- PROBLEM TO SOLVE
No pictures go into the copy. Write out every line below exactly.

- DATA EXCERPT
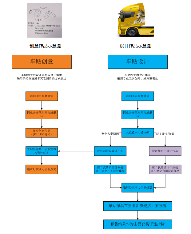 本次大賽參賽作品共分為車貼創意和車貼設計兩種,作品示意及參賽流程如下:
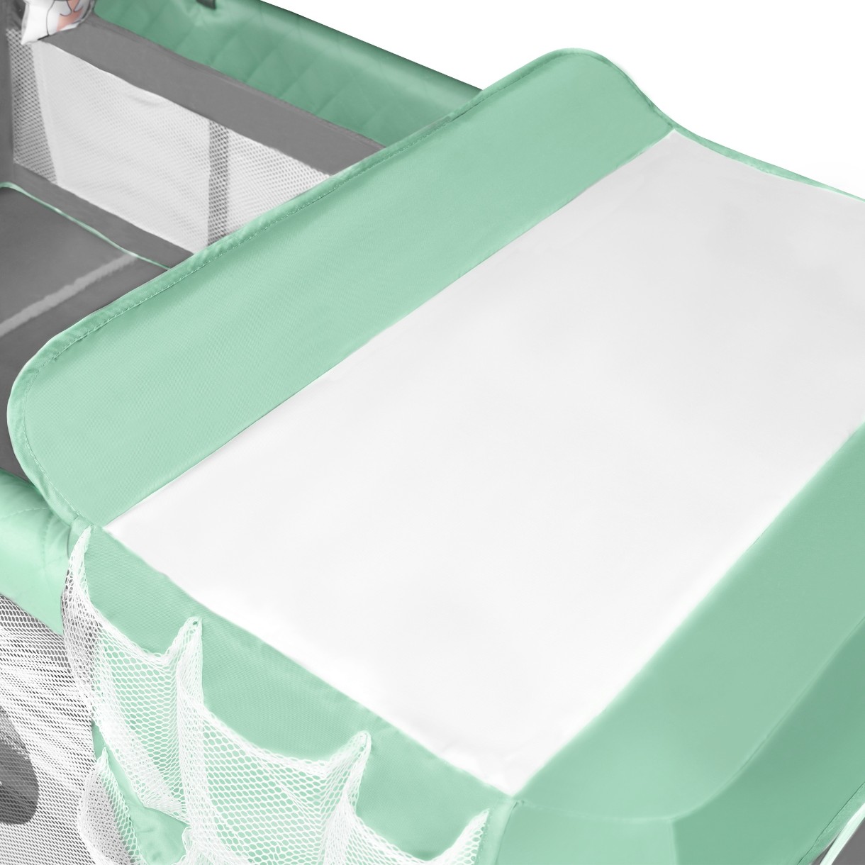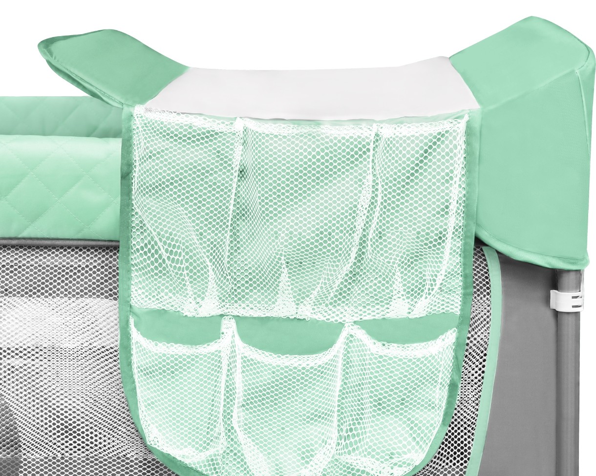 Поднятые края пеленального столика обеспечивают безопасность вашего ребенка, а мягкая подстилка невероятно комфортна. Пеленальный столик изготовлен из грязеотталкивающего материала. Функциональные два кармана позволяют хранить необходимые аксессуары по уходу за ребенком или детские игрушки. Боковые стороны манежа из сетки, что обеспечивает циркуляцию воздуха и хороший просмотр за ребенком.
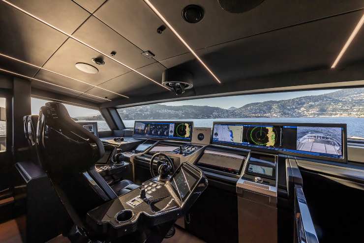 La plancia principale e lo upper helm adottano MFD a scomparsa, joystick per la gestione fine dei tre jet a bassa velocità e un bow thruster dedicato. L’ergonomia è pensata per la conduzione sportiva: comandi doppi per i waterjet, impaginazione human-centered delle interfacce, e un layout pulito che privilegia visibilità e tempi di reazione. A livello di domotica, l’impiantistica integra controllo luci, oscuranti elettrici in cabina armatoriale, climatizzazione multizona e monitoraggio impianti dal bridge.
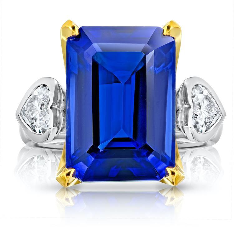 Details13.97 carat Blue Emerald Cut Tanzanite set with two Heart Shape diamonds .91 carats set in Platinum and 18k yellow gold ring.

- EXERCISE RESPONSE
 本次大賽參賽作品共分為車貼創意和車貼設計兩種,作品示意及參賽流程如下:
 Поднятые края пеленального столика обеспечивают безопасность вашего ребенка, а мягкая подстилка невероятно комфортна. Пеленальный столик изготовлен из грязеотталкивающего материала. Функциональные два кармана позволяют хранить необходимые аксессуары по уходу за ребенком или детские игрушки. Боковые стороны манежа из сетки, что обеспечивает циркуляцию воздуха и хороший просмотр за ребенком.
 La plancia principale e lo upper helm adottano MFD a scomparsa, joystick per la gestione fine dei tre jet a bassa velocità e un bow thruster dedicato. L’ergonomia è pensata per la conduzione sportiva: comandi doppi per i waterjet, impaginazione human-centered delle interfacce, e un layout pulito che privilegia visibilità e tempi di reazione. A livello di domotica, l’impiantistica integra controllo luci, oscuranti elettrici in cabina armatoriale, climatizzazione multizona e monitoraggio impianti dal bridge.
 Details13.97 carat Blue Emerald Cut Tanzanite set with two Heart Shape diamonds .91 carats set in Platinum and 18k yellow gold ring.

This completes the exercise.